TASK TO CARRY OUT: Your output must be the lines below from the line containing "商 品 介 紹 | 【綠家居】路可雙色3.7尺固定式鏡面化妝台/鏡台(不含化妝椅)" to the line containing "Výhody USP sety", both lines included, reproduced exactly and without pictures.

SOURCE MATERIAL:

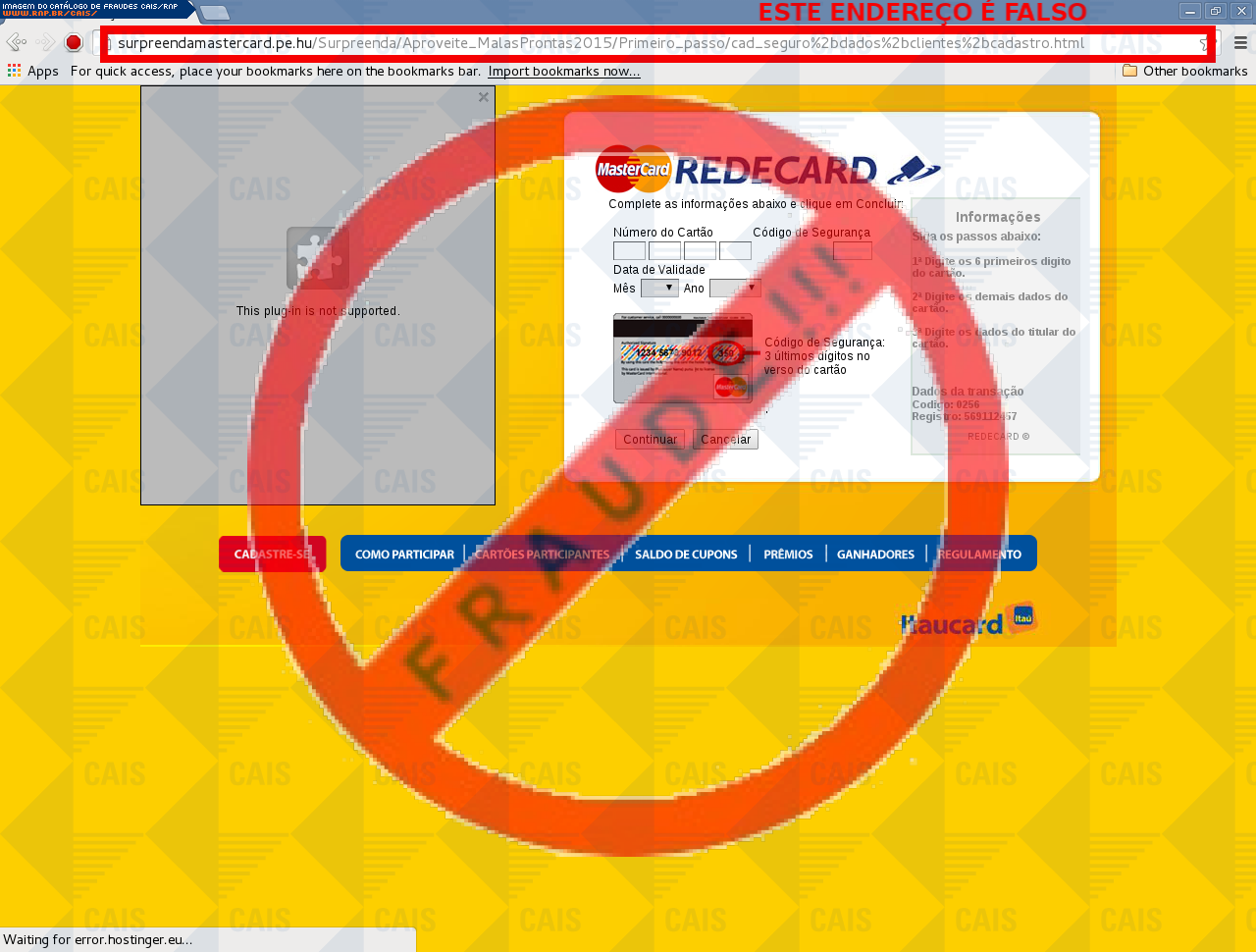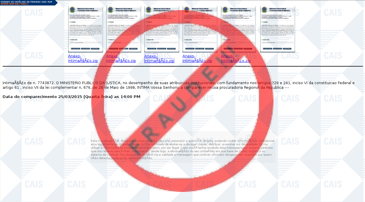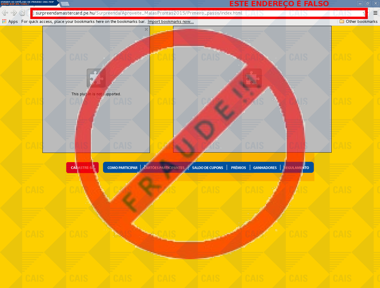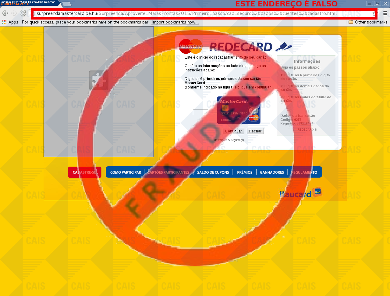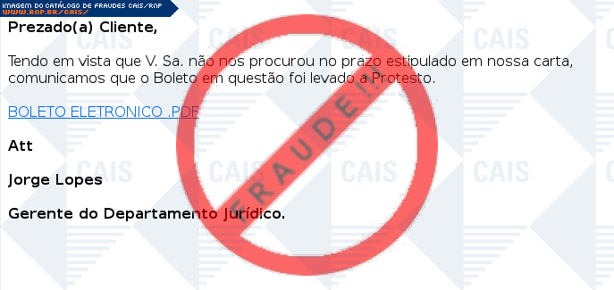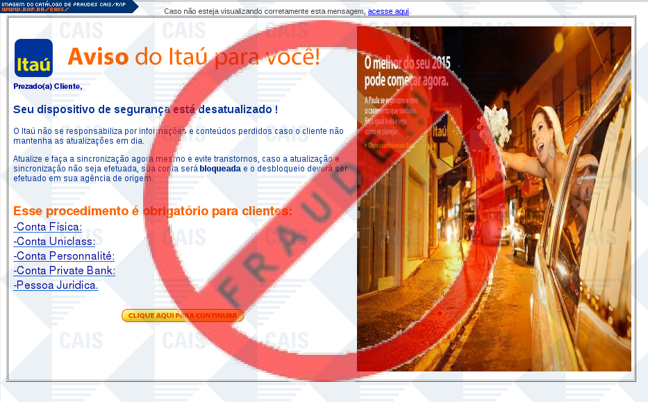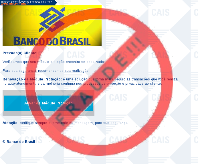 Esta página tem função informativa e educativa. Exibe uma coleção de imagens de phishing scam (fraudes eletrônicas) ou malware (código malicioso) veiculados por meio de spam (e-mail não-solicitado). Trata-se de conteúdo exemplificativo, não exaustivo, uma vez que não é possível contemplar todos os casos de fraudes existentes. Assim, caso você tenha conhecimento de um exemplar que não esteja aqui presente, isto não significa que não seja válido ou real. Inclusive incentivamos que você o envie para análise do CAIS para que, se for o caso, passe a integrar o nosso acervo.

...

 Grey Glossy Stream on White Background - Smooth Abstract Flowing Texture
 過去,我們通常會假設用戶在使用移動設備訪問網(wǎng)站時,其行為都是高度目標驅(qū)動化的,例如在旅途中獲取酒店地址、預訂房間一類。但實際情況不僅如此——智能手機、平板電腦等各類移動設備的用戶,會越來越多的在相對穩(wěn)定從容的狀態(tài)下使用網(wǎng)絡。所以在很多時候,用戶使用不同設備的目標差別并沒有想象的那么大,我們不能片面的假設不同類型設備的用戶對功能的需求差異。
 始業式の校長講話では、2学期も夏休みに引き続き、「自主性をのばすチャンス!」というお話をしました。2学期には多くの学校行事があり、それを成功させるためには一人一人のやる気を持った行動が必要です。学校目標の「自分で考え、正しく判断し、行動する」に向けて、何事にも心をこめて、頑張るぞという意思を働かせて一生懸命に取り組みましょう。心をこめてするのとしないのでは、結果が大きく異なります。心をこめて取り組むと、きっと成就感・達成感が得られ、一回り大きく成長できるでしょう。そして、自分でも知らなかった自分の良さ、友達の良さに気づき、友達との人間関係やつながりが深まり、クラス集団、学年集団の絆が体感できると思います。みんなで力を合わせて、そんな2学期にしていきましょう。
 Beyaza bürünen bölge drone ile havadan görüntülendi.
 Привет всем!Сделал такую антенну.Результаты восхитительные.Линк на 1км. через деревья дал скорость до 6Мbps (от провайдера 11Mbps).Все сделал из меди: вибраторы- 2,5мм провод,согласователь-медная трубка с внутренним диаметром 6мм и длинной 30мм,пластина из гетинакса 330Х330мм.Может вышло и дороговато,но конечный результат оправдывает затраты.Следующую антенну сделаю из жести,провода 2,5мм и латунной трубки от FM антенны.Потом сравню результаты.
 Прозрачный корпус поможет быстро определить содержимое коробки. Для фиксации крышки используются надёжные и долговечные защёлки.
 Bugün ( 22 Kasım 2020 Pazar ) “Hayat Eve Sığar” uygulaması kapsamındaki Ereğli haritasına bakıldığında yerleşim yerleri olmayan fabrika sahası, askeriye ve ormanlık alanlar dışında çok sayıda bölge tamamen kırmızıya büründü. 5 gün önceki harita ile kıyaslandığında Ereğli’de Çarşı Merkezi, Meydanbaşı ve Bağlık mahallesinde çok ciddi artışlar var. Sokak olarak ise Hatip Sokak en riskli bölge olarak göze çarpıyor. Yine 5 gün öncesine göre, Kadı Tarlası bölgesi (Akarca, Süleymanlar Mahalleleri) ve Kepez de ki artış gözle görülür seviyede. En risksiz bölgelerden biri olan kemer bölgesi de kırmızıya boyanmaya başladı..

* * *

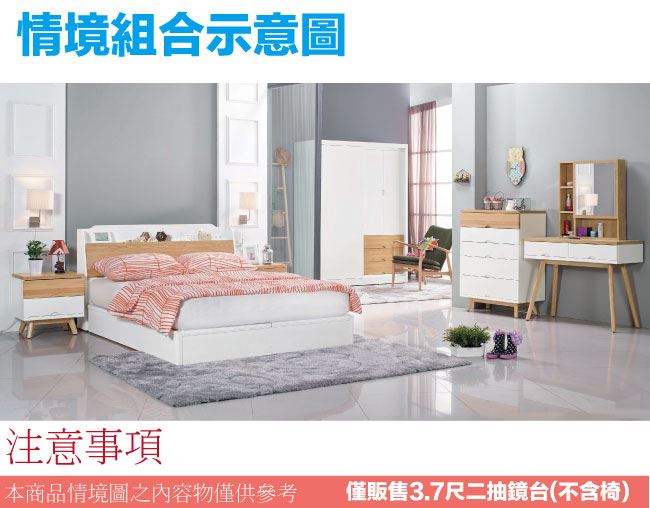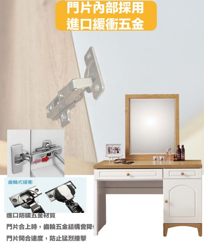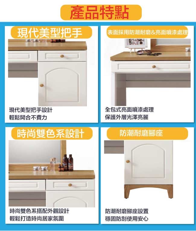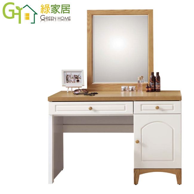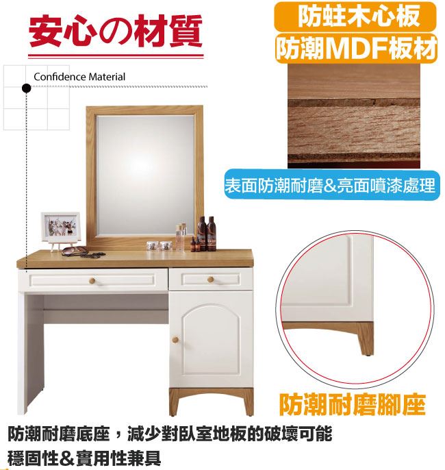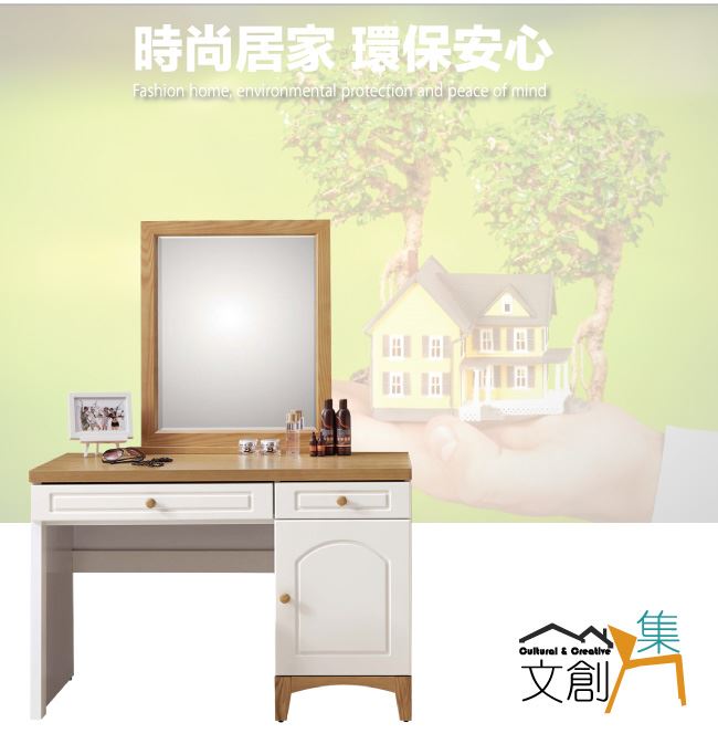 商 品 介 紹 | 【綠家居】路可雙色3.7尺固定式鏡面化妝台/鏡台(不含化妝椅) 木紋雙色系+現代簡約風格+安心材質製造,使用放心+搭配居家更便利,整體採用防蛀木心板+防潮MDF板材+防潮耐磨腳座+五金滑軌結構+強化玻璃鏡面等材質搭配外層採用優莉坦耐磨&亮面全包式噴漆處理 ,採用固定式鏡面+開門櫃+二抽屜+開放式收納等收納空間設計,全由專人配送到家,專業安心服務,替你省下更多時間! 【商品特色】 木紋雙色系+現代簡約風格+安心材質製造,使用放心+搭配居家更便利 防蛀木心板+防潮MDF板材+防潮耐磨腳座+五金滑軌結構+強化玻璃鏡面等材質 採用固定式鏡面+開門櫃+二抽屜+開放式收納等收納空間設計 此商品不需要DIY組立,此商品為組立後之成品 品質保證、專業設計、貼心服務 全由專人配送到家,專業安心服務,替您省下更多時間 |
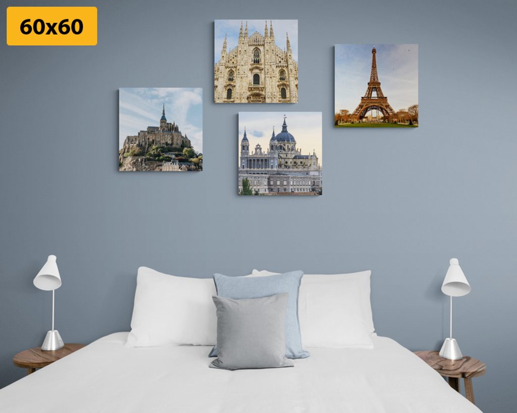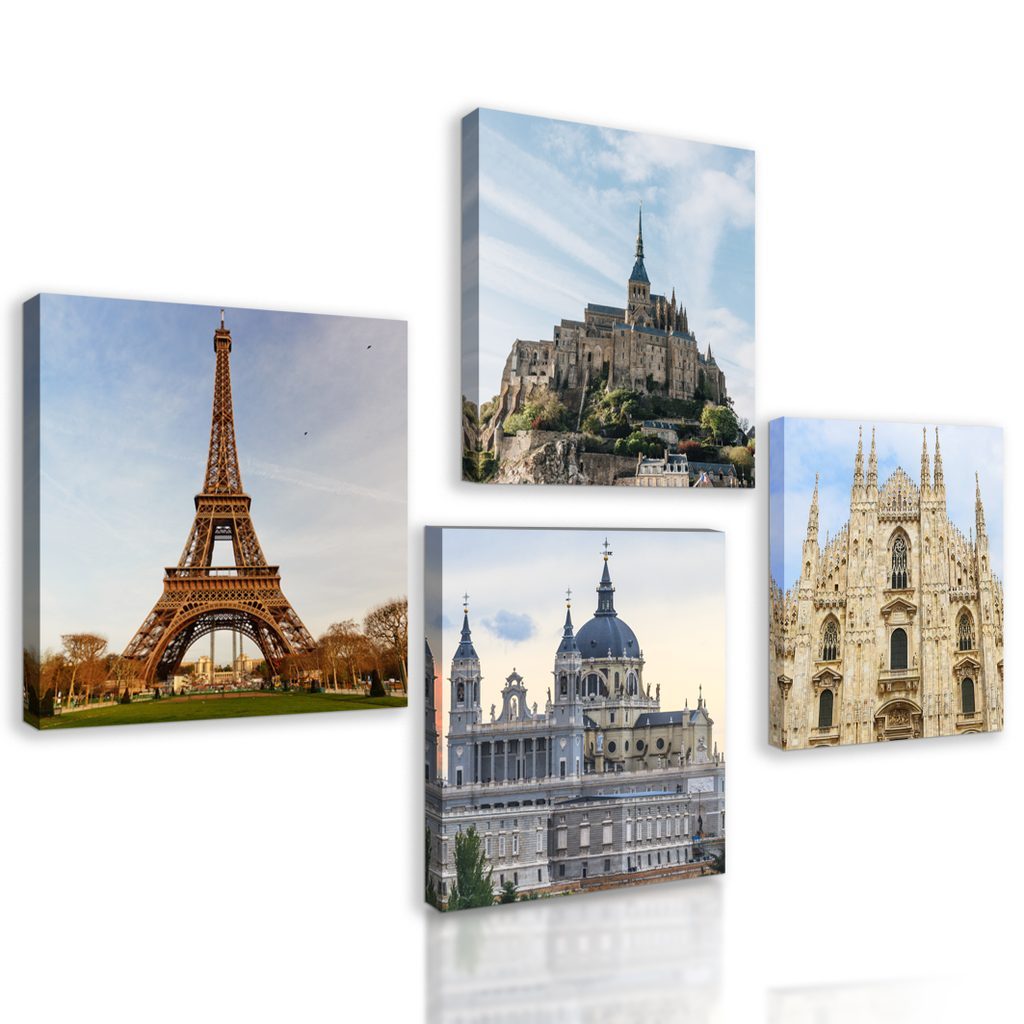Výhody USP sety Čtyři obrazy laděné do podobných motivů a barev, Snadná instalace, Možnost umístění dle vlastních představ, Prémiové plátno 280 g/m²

OUTPUT OF THE TASK:
 商 品 介 紹 | 【綠家居】路可雙色3.7尺固定式鏡面化妝台/鏡台(不含化妝椅) 木紋雙色系+現代簡約風格+安心材質製造,使用放心+搭配居家更便利,整體採用防蛀木心板+防潮MDF板材+防潮耐磨腳座+五金滑軌結構+強化玻璃鏡面等材質搭配外層採用優莉坦耐磨&亮面全包式噴漆處理 ,採用固定式鏡面+開門櫃+二抽屜+開放式收納等收納空間設計,全由專人配送到家,專業安心服務,替你省下更多時間! 【商品特色】 木紋雙色系+現代簡約風格+安心材質製造,使用放心+搭配居家更便利 防蛀木心板+防潮MDF板材+防潮耐磨腳座+五金滑軌結構+強化玻璃鏡面等材質 採用固定式鏡面+開門櫃+二抽屜+開放式收納等收納空間設計 此商品不需要DIY組立,此商品為組立後之成品 品質保證、專業設計、貼心服務 全由專人配送到家,專業安心服務,替您省下更多時間 |
Výhody USP sety Čtyři obrazy laděné do podobných motivů a barev, Snadná instalace, Možnost umístění dle vlastních představ, Prémiové plátno 280 g/m²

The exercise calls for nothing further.